Source records

<<<<

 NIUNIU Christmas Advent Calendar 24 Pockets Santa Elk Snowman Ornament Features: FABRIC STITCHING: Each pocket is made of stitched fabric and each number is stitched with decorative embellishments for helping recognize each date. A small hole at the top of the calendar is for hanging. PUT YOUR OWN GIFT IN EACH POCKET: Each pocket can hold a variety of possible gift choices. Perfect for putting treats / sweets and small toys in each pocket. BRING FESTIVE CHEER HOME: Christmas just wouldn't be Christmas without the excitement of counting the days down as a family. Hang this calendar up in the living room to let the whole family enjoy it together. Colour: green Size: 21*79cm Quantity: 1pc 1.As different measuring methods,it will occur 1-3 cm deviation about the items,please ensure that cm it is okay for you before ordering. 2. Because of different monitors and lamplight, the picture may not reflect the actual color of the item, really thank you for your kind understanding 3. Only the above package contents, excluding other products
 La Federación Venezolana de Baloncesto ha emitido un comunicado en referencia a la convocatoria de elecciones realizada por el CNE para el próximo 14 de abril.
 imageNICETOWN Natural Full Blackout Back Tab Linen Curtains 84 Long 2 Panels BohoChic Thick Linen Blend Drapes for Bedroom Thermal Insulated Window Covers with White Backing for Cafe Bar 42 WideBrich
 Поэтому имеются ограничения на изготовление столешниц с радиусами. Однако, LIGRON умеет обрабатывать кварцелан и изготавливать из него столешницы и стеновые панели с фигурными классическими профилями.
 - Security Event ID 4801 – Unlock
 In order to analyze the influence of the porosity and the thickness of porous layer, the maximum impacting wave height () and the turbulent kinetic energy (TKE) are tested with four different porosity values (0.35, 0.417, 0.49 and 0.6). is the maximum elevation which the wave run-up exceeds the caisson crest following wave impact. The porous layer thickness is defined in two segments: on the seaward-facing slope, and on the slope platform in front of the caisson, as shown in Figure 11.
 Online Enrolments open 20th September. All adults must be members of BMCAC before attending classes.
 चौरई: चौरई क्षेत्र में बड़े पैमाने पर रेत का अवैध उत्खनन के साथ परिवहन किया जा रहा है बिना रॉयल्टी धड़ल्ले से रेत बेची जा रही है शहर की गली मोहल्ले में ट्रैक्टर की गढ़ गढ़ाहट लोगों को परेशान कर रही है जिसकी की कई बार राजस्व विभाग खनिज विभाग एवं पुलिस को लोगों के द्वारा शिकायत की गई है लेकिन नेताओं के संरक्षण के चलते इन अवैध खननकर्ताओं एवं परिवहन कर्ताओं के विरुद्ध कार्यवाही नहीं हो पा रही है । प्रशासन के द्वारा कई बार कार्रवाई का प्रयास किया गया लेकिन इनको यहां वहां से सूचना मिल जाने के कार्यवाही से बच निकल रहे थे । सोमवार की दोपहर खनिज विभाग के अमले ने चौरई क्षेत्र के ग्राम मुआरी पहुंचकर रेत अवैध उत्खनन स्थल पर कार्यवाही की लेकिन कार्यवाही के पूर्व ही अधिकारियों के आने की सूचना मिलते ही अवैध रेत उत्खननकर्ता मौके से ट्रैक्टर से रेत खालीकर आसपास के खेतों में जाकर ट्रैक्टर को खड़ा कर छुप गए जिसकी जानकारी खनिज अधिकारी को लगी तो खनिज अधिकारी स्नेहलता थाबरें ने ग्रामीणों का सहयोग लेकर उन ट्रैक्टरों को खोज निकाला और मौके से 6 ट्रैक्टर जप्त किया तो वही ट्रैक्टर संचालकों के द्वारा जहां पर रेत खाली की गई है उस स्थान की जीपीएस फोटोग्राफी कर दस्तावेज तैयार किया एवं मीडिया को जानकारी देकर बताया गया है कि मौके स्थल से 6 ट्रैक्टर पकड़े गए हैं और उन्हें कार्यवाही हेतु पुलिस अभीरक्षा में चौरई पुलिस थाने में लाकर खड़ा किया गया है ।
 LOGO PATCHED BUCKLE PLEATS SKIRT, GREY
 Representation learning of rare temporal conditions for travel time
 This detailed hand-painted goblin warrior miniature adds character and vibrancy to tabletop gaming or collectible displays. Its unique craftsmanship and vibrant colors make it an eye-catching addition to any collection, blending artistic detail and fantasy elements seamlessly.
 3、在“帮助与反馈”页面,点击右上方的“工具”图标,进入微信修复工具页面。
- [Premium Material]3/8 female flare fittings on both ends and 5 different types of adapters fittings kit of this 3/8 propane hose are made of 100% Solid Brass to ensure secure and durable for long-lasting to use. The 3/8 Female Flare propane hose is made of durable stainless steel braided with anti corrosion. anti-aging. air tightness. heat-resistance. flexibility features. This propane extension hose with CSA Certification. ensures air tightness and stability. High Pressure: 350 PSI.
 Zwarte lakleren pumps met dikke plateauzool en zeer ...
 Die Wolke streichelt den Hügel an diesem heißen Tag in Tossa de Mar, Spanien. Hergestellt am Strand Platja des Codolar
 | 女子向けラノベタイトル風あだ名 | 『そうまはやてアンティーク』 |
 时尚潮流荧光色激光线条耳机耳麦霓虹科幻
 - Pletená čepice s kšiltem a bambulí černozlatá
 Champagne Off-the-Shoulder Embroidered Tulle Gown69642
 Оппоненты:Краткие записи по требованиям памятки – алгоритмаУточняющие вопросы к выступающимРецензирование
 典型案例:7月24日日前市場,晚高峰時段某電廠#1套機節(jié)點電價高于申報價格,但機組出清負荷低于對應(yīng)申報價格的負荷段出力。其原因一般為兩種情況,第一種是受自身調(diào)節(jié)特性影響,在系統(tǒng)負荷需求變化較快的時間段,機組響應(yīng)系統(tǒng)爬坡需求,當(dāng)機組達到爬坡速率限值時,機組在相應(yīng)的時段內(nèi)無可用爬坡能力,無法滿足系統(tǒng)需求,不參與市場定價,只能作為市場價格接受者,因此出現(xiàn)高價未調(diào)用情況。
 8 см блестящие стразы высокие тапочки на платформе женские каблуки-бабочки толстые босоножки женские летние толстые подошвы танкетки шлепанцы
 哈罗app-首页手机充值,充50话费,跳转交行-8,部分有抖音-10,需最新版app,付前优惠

>>>>

- Task details -
Collect every line above that contains the word "made".

- Exercise output -
 NIUNIU Christmas Advent Calendar 24 Pockets Santa Elk Snowman Ornament Features: FABRIC STITCHING: Each pocket is made of stitched fabric and each number is stitched with decorative embellishments for helping recognize each date. A small hole at the top of the calendar is for hanging. PUT YOUR OWN GIFT IN EACH POCKET: Each pocket can hold a variety of possible gift choices. Perfect for putting treats / sweets and small toys in each pocket. BRING FESTIVE CHEER HOME: Christmas just wouldn't be Christmas without the excitement of counting the days down as a family. Hang this calendar up in the living room to let the whole family enjoy it together. Colour: green Size: 21*79cm Quantity: 1pc 1.As different measuring methods,it will occur 1-3 cm deviation about the items,please ensure that cm it is okay for you before ordering. 2. Because of different monitors and lamplight, the picture may not reflect the actual color of the item, really thank you for your kind understanding 3. Only the above package contents, excluding other products
- [Premium Material]3/8 female flare fittings on both ends and 5 different types of adapters fittings kit of this 3/8 propane hose are made of 100% Solid Brass to ensure secure and durable for long-lasting to use. The 3/8 Female Flare propane hose is made of durable stainless steel braided with anti corrosion. anti-aging. air tightness. heat-resistance. flexibility features. This propane extension hose with CSA Certification. ensures air tightness and stability. High Pressure: 350 PSI.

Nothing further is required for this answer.